Favorite prefaces – I

Posted in Favorite Prefaces, Physics on February 6, 2009 by ccdantas

This is the first of a series of posts with short excerpts of prefaces/introductions of books that I find interesting or curious. This is just for fun, but hopefully will lead to a collection of memorable sentences or ideas that compels us further on the subject.

PCT, Spin and Statistics, and All That
by Raymond F. Streater and Arthur S. Wightman

In the beginning, when Dirac, Jordan, Heisenberg, and Pauli created the quantum theory of fields, it was not expected that it would provide a consistent description of Nature. After all, it was only a quantized version of the classical theory of Maxwell and Lorentz, a theory which was well known to be afflicted with diseases arising from the infinite electromagnetic inertia of point particles. Many physicists were of the opinion that any project to make the theory’s mathematical foundation more rigorous was probably ill-advised; first the classical foundation should be set right. Such alterations might so change the basis of the theory that a mathematically rigorous discussion of any preceding version would be entirely irrelevant. More recently, it has been suggested that the trouble is that the theory is too modest; it is not designed to predict the masses of the elementary particles or the values of the coupling constants, and should be fundamentally changed with this in view.

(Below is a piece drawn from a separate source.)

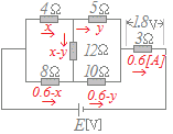 方程式として解くときでも,分かるものはなるべく数字にし,変数の数を減らす方が解きやすい.閉回路Aについて,々キルヒホフの第2法則を適用すると 4x+12(x−y)−8(0.6−x)=0…(1) 閉回路Bについて,キルヒホフの第2法則を適用すると 5y−10(0.6−y)−12(x−y)=0…(2) (1)→ 24x−12y=4.8 6x−3y=1.2…(3) (2)→ −12x+27y=6 −4x+9y=2…(4) (3)×3+(4) 14x=5.6 x=0.4 (3)に代入 −3y=−1.2 y=0.4 このとき E=4x+5y+1.8=1.6+2.0+1.8=5.4 |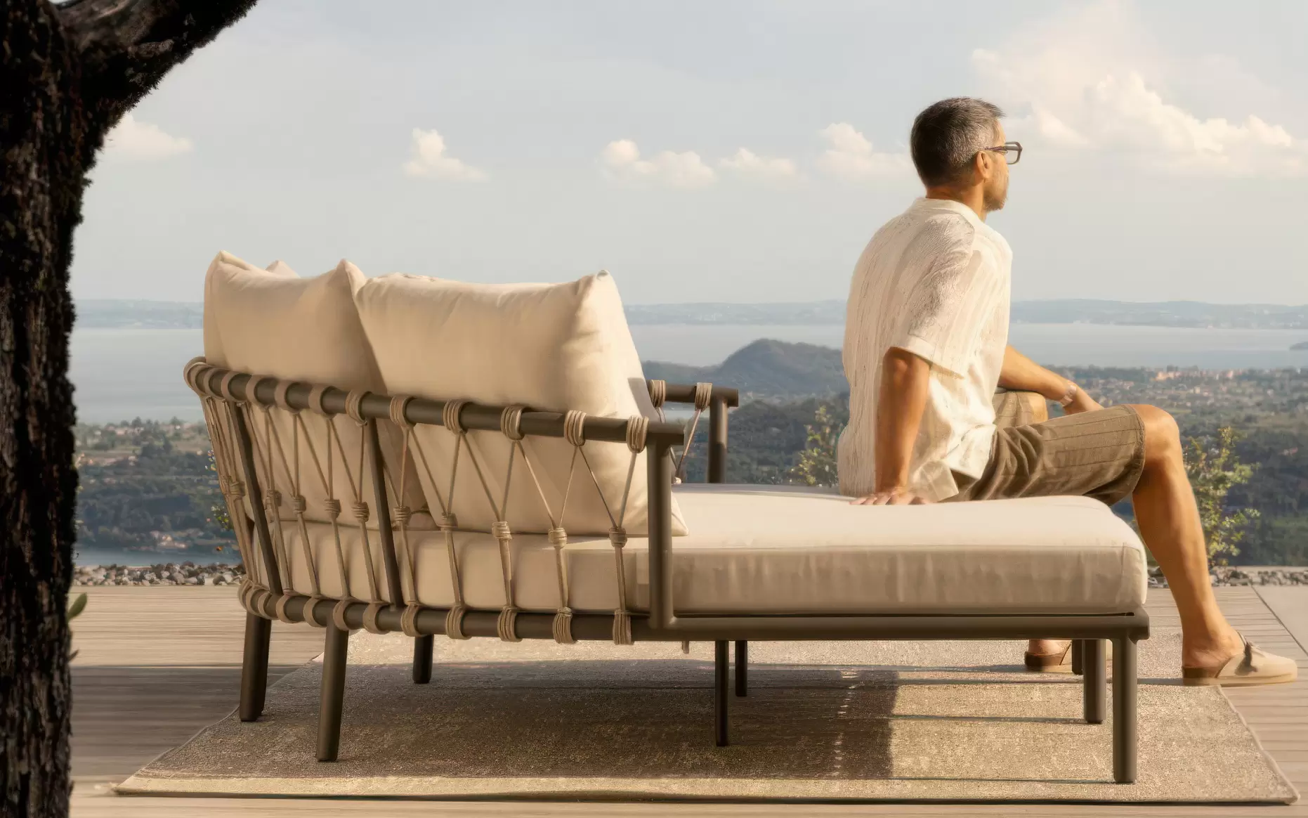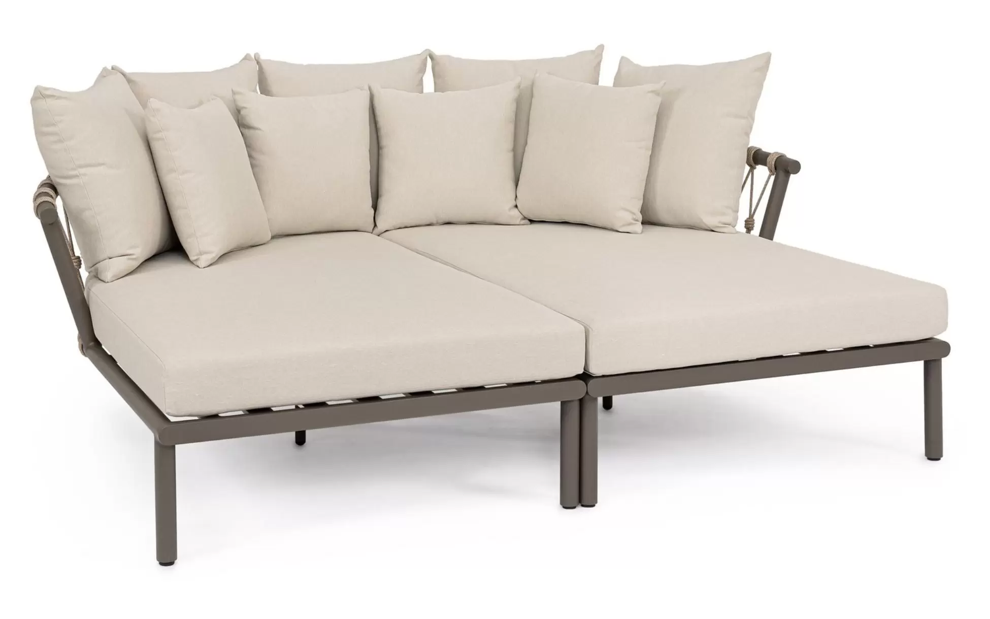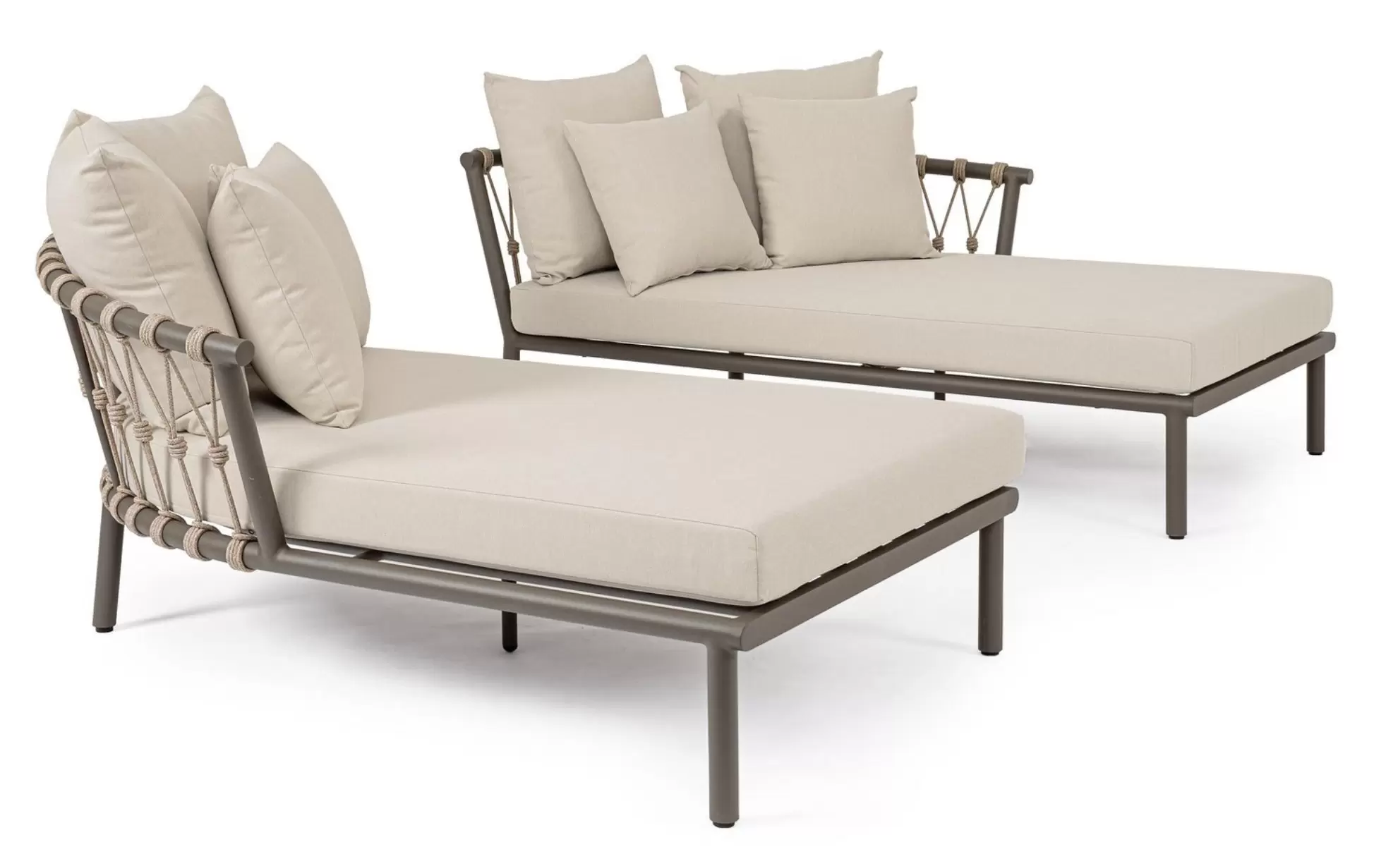 LANAI Łóżko ogrodowe podwójne aluminium lina poduszki modułowe

However, attempts to go beyond the theory foundered again and again. What successes were achieved were either phenomenological, or were due to systematic developments of the original formalism. But the quantum theory of fields never reached a stage where one could say with confidence that it was free from internal contradictions–nor the converse. In fact, the Main Problem of quantum field theory turned out to be to kill it or cure it: either to show that the idealizations involved in the fundamental notions of the theory (relativistic invariance, quantum mechanics, local fields, etc.) are incompatible in some physical sense, or to recast the theory in such a form that it provides a practical language for the description of elementary particle dynamics.

The last ten years have seen a number of attempts to meet the situation head on. (The physicists who have engaged in this kind of work are sometimes dubbed the Feldverein. Cynical observers have compared them to the Shakers, a religious sect of New England who built solid barns and led celibate lives, a non-scientific equivalent of proving rigorous theorems and calculating no cross sections.) These efforts have not yet led to a solution of the Main Problem, but they have yielded a number of by-products, very general insights into the structure of a field theory. The present book is devoted to an exposition of some of these general results, the physical ideas they embody, and the mathematics necessary for their proofs.